This vignette introduces the usage of the Bioconductor package ISLET (Individual-Specific ceLl typE referencing Tool). Complementary to classic deconvolution algorithms, ISLET can take cell type proportions as input, and infer the individual-specific and cell-type-specific reference panels. ISLET also offers functions to detect cell-type specific differential expression (csDE) genes. Additionally, it can test for csDE genes change rate difference between two groups, given an additional covariate of time points or age. ISLET is based on rigorous statistical framework of Expectation–Maximization(EM) algorithm, and has parallel computing embedded to provide superior computational performance.
ISLET 1.2.0
To install the package, start R (version 4.1.0 or higher) and enter:
if (!require("BiocManager", quietly = TRUE))

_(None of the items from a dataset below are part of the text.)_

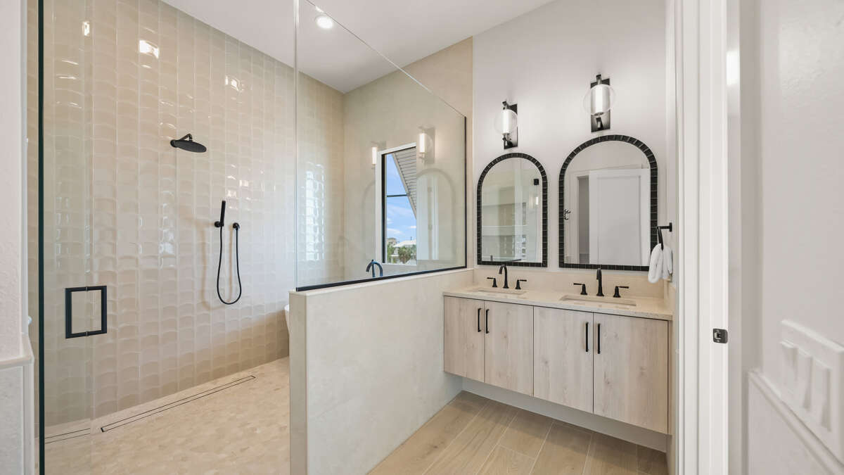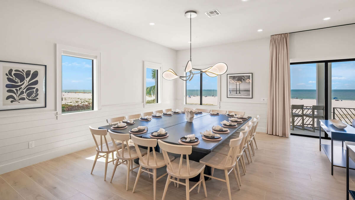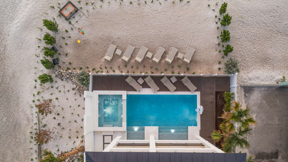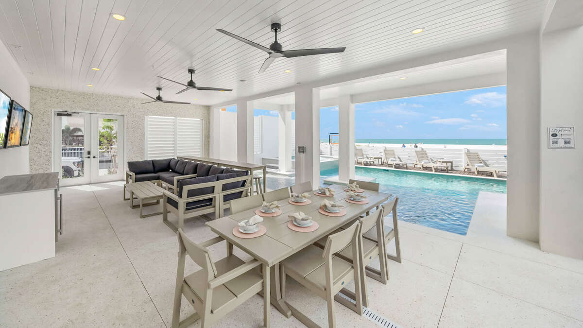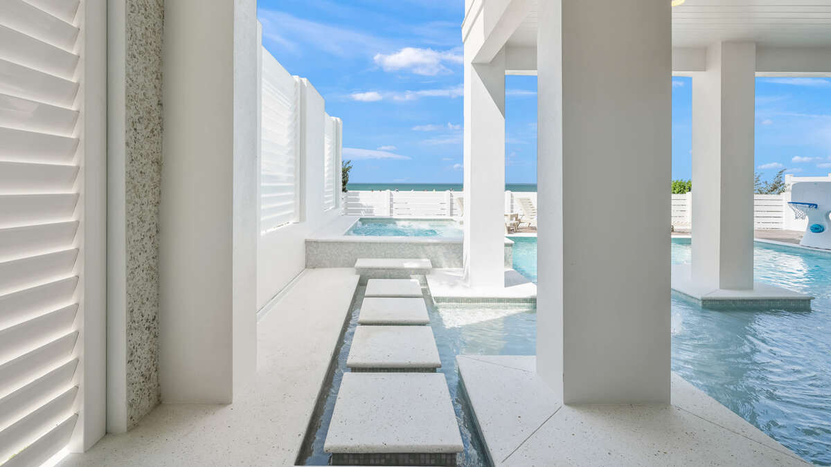 The ground floor begins with a private foyer offering both stair and elevator access to the upper levels. This level includes garage parking for 2 vehicles and driveway parking for 2 additional ones. Just beyond the foyer, your private beach access makes it easy to move between the sand and the home, with an outdoor shower conveniently placed inside the gate. The pool deck sits just steps away and features the resort-style pool and oversized spa, along with the outdoor seating, TVs, and entertainment amenities described above. Beach volleyball, jazzminton, and Kan Jam are provided for friendly competition on the sand. It’s a well-organized space that’s meant for laid-back luxury, warm breezes, and hours of poolside relaxation.
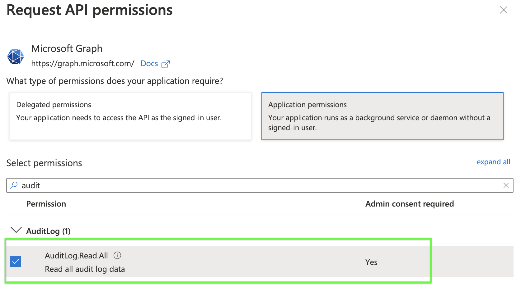 Select the checkbox for AuditLog.Read.All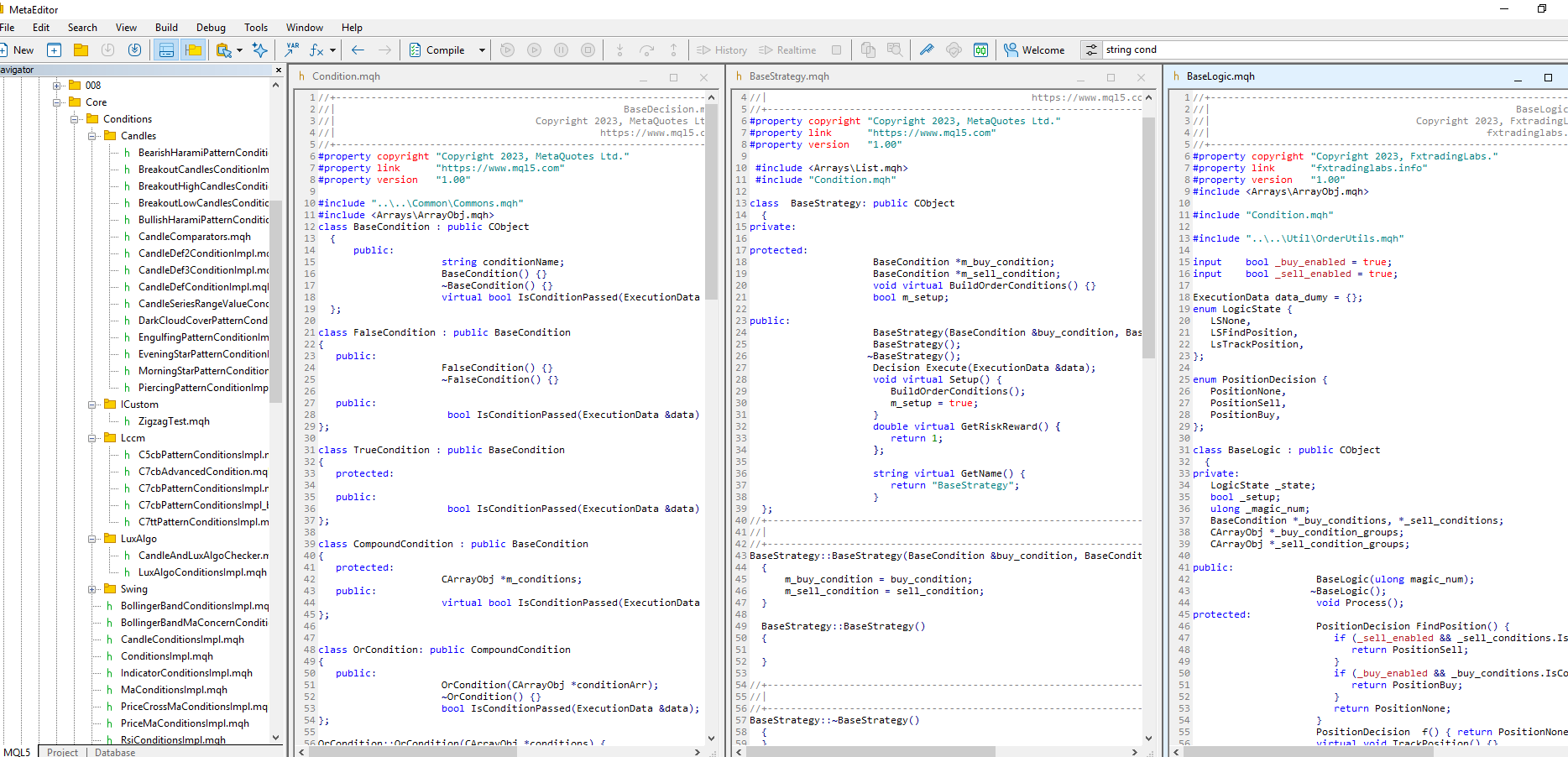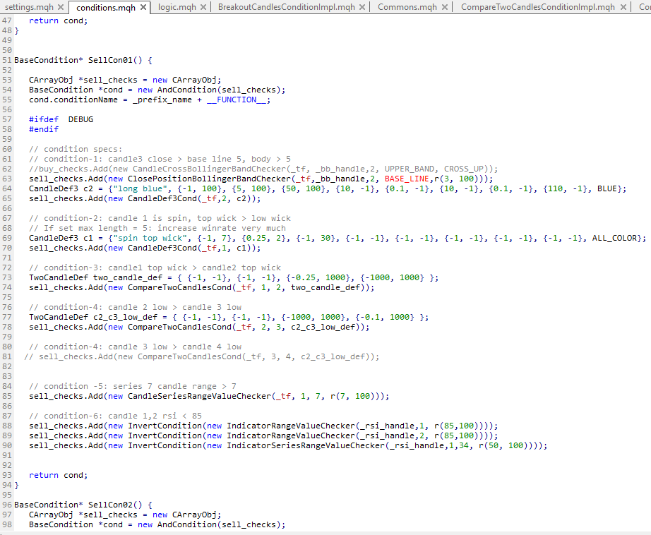How do you setup conditions to buy/sell in the MQL5, this is the way/code pattern/simple framework I have done by my self.

install.packages("BiocManager")
BiocManager::install("ISLET")
You may post your question on ISLET’s GitHub Issue section: https://github.com/haoharryfeng/ISLET/issues.
In clinical samples, the observed bulk sequencing/microarray data are often a mixture of different cell types. Because each unique cell type has its own gene expression profile, the real sequencing/microarray data are the weighted average of signals from multiple pure cell types. In high-throughput data analysis, the mixing proportions will confound with the primary phenotype-of-interest, if not properly accounted for. Over the past several years, researchers have gained substantial interests in using computational methods to deconvolute cell compositions. Under the assumption of a commonly shared feature-by-cell-type reference panel across all samples, deconvolution methods were developed. However, this assumption may not hold. For example, when repeated samples are measured for each subject, assuming a shared reference panel across different time points for each subject is a preferred choice over assuming a shared one across all the samples.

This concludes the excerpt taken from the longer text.